Codex

Interested in functions, hooks, classes, or methods? Check out the new WordPress Code Reference!

pt-br:Validação de Informações

Dados não confiáveis podem chegar ao seu site de várias maneiras (usuários, outros sites, o seu banco de dados, ...) e por este motivo é importante que todos as informações do seu site sejam veficadas tanto quando enviadas como quando forem aprensentadas ao usuário.

Limpeza de dados

Este tipo de limpeza depende do contexto em que será usado e que tipo de informações serão analizadas. Abaixo seguem algumas das mais comuns tarefas realizadas no WordPress e como elas são verificadas.

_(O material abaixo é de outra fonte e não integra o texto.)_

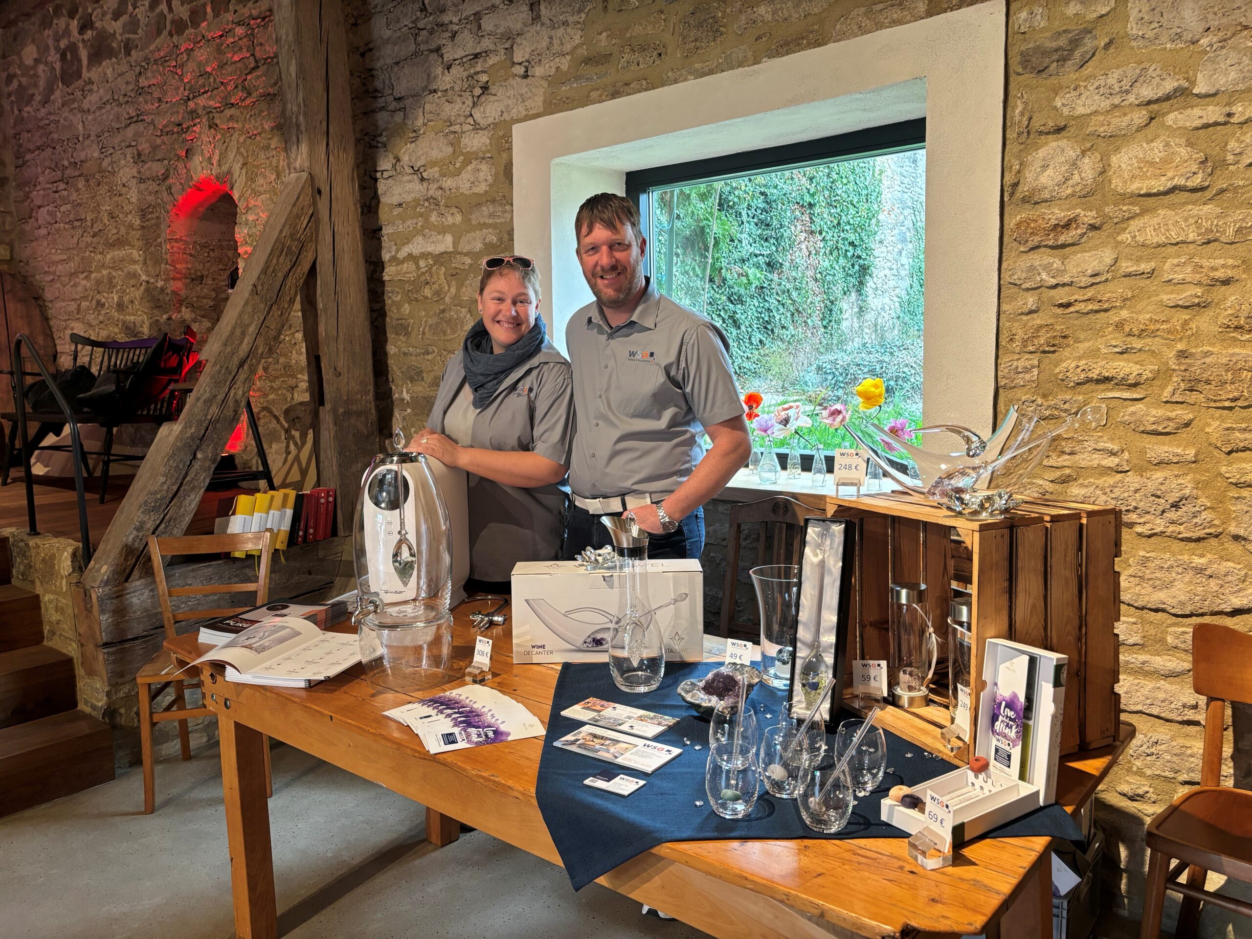 Unter dem Motto des Ilmbacher Hofs „Wir feiern die Freundschaft – 11 Freunde sollen es sein“ hatten wir viele WSG-Freunde an unserem Stand, das verkostete „reine“ Wasser im schönen VitaJuwel-Wasserspender schmeckte wie immer lecker und die GlasFlaschen und Karaffen mit den stylischen Edelsteinen ebenfalls von VitaJuwel zogen viele Blicke auf sich.
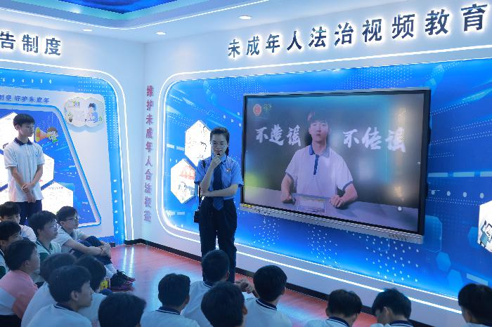 “同学们,接下来我们观看一个剧本杀小视频,大家认真看完视频以后要告诉老师你们学到了什么......”在法治教育展厅内,同学们观看了法治教育视频,真实改编的案例展示、生动的图文解说、详细的法律知识讲解让同学们进一步认识网络欺凌的表现形式、危害后果,直观的了解到未成年人容易触犯的“法律红线”,警醒同学们要时刻规范自身行为。
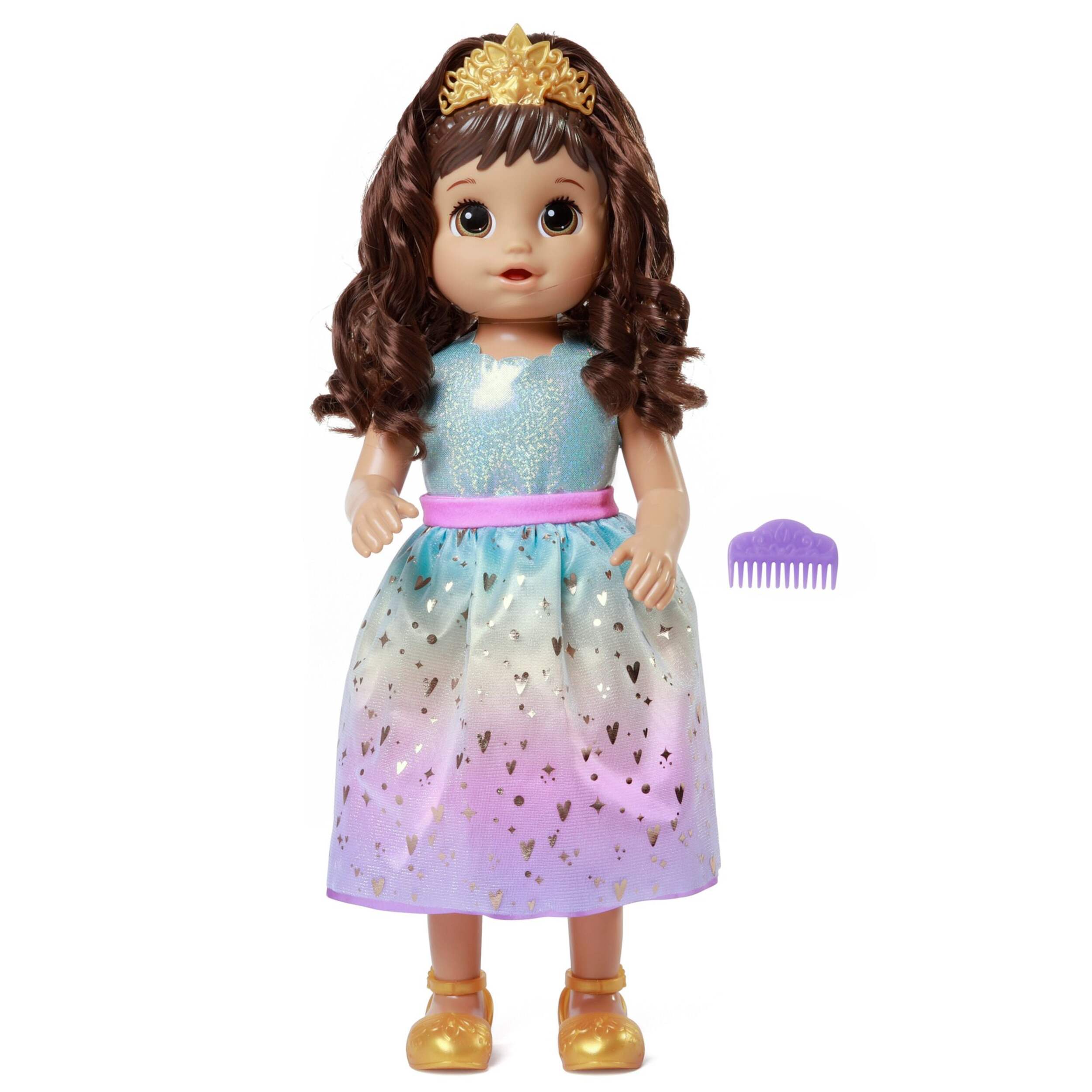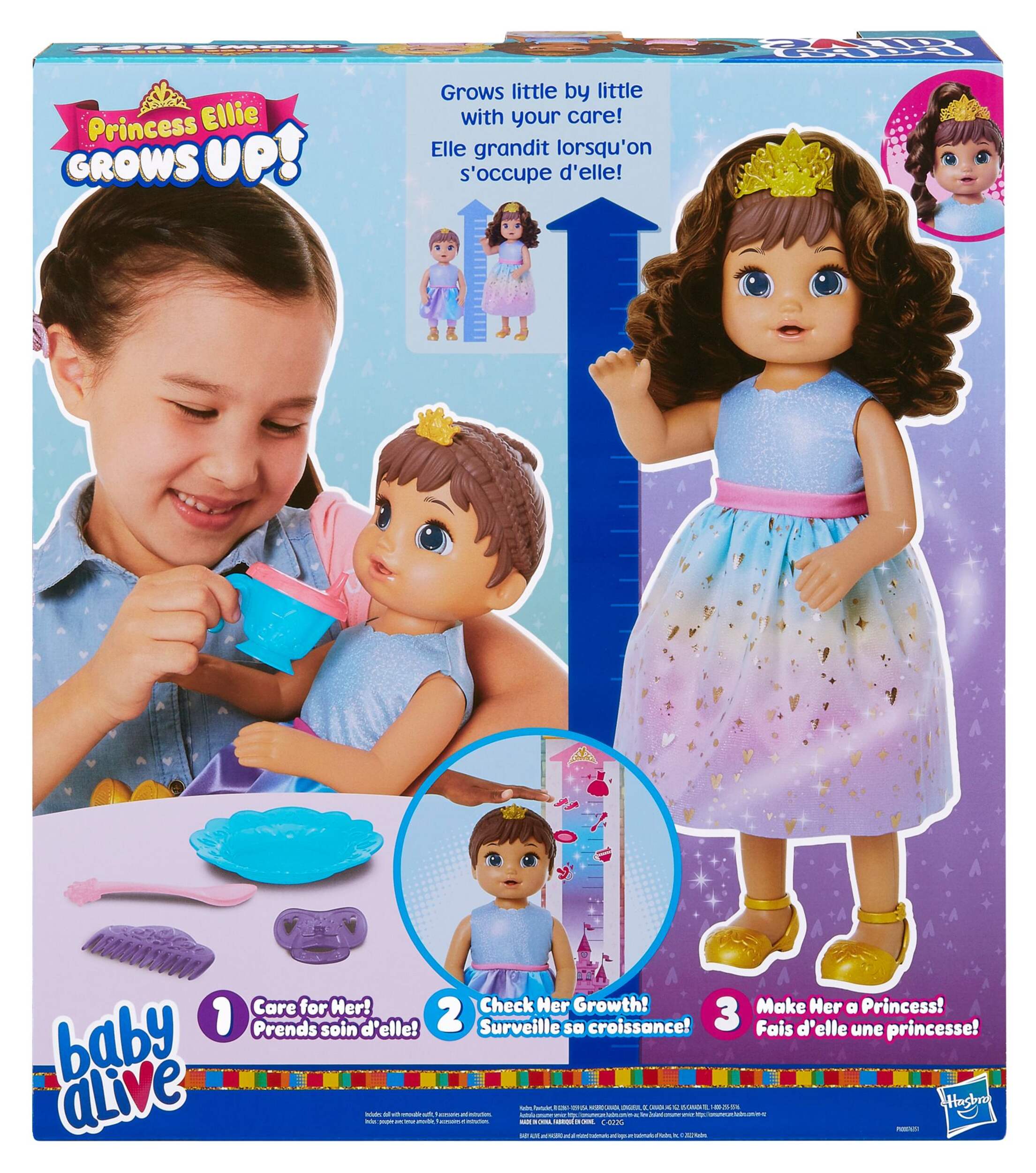 Poupée de princesse Ellie Baby Alive Grows Up! La poupée Like Me Isabella à cheveux bruns est une poupée parlante de 45 cm (18 po) qui répond aux soins avec plus de 75 sons et phrases
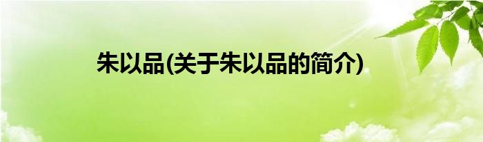 大家好,朱以品,关于朱以品的简介很多人还不知道,现在让我们一起来看看吧!
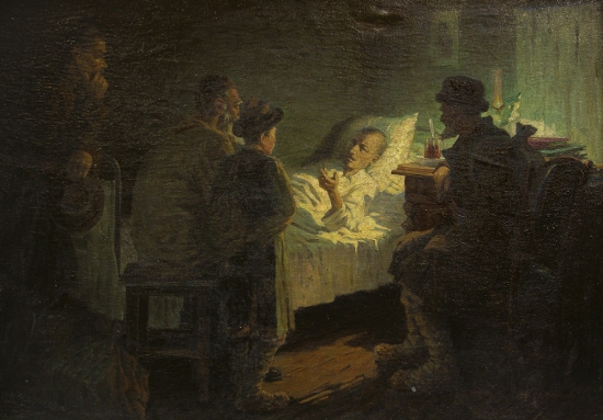 Жаль, что на выставке не оказалось картины, которая принесла первое признание Халилуллову. Речь о небольшом полотне: «Крестьяне у больного Тукая». Полутемная бедно обставленная комнатушка, на кровати смертельно больной поэт, рядом с ним несколько крестьян. По воспоминаниям современников к Габдулле Тукаю за несколько дней до кончины в номер гостиницы “Булгар” пришли земляки и о чем-то с ним долго разговаривали.
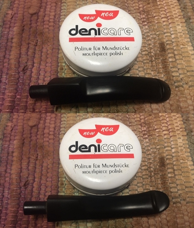 I rubbed the stem down with Denicare Mouthpiece Polish – a red, gritty Tripoli like substance that is a paste. I rubbed it into the surface of the stem and polished it off with a cotton pad. I have found that is a great intermediary step before polishing with micromesh pads. I am not sure what I will use once the final tin I have is gone!
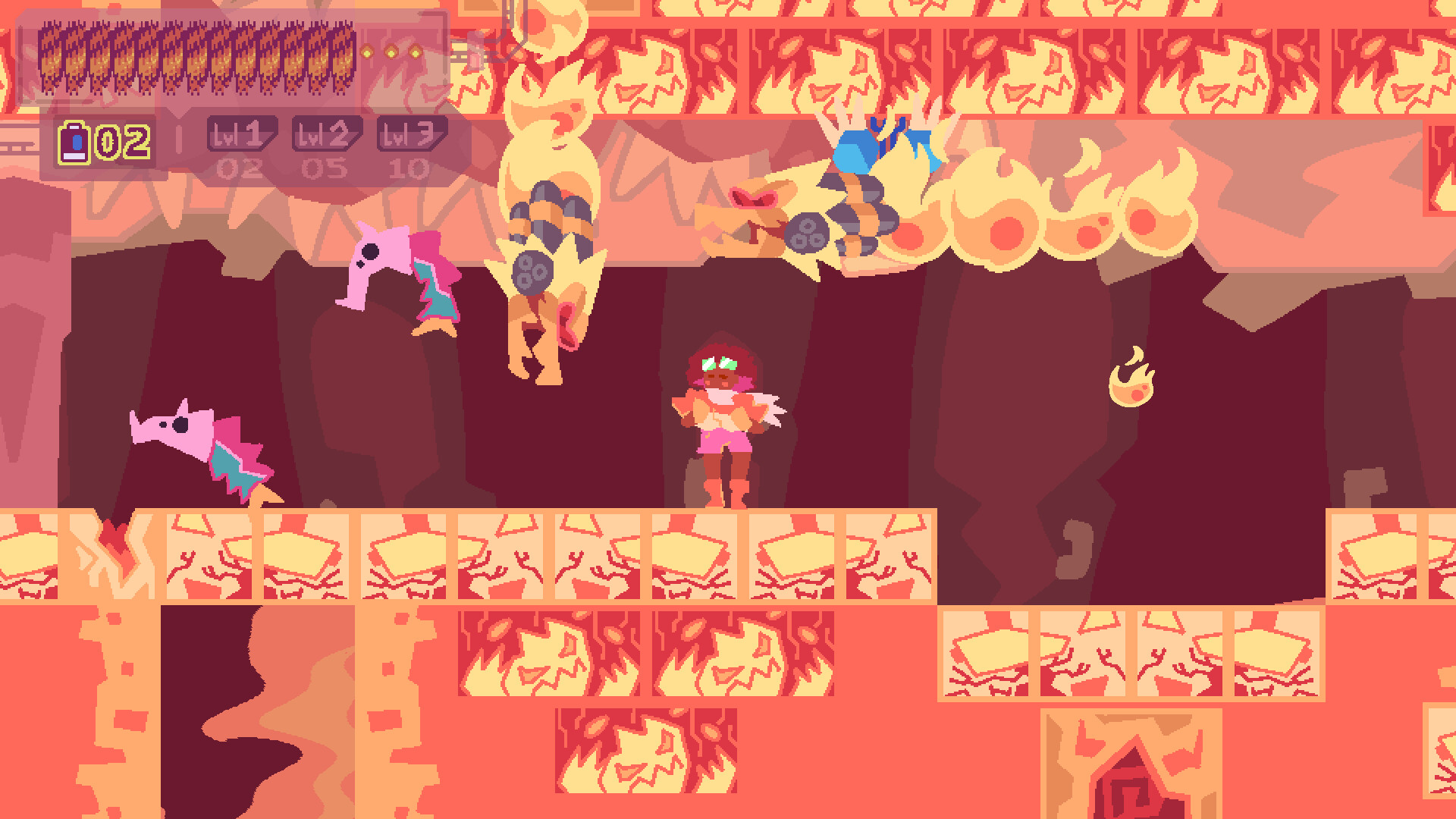 7 Levels across sandy dunes, misty caves, flooded ruins, and burning mountains

Dica: É importante que ao validar uma informação para ser escrita no navegador a limpeza dos dados seja a última coisa a ser feita no código, como exemplo, no momento quando ela é escrita.

Inteiros

intval( $int ) ou (int) $int
Se a variável é um inteiro, declare ela como um.
absint( $int )
Garante que é um inteiro não negativo.

HTML/XML

É legal lembrar que muitos tipos de documentos XML (diferente dos documentos HTML) entendem apenas alguns caracteres de referência: apos, amp, gt, lt, quot. Quando você estiver lidando com dados para XML, tenha cuidado em sempre filtrar os textos que possam conter caracteres inválidos usando a função do WordPress:

ent2ncr( $text )

Códigos HTML/XML

wp_kses( (string) $codigo_html, (array) $html_permitido, (array) $protocolos = null )
Todo código HTML não confiável(conteúdo de um artigo, texto de um comentário, etc.) deve ser tratado com a função wp_kses().
Para evitar o trabalho de ter que passar um array com todas as tags HTML permitidas, você pode usar wp_kses_post( (string) $codigo_html) para ter as mesmas permissões de um post ou página ou wp_kses_data( (string) $codigo_html ) para usar a lista permitida nos comentários.
wp_rel_nofollow( (string) $html )
Adiciona o atributo "rel='nofollow'" para qualquer tag <a>.

Pedaços de Texto

esc_html( $texto ) (desde a 2.8)
Codifica < > & " ' (menor que, maior que, E comercial, aspas compostas, aspas simples). Similar a função esc_attr.
esc_html__ (desde a 2.8)
Traduz e Codigica
esc_html_e (desde a 2.8)
Traduz, codifica e escreve no navegador
esc_textarea (desde a 3.1)
Codifica para ser usado dentro de uma área de texto
wp_specialchars( $string, $quote_style = ENT_NOQUOTES, $charset = false, $double_encode = false ) (obsoleta desde a 2.8)
Codifica < > & (menor que, maior que, E comercial). Nunca irá codificar duas vezesum caracter. Desde a versão 2.8, se chamado com apenas 1 argumento irá codificar Aspas também (usando esc_html), como proteção para plugins antigos.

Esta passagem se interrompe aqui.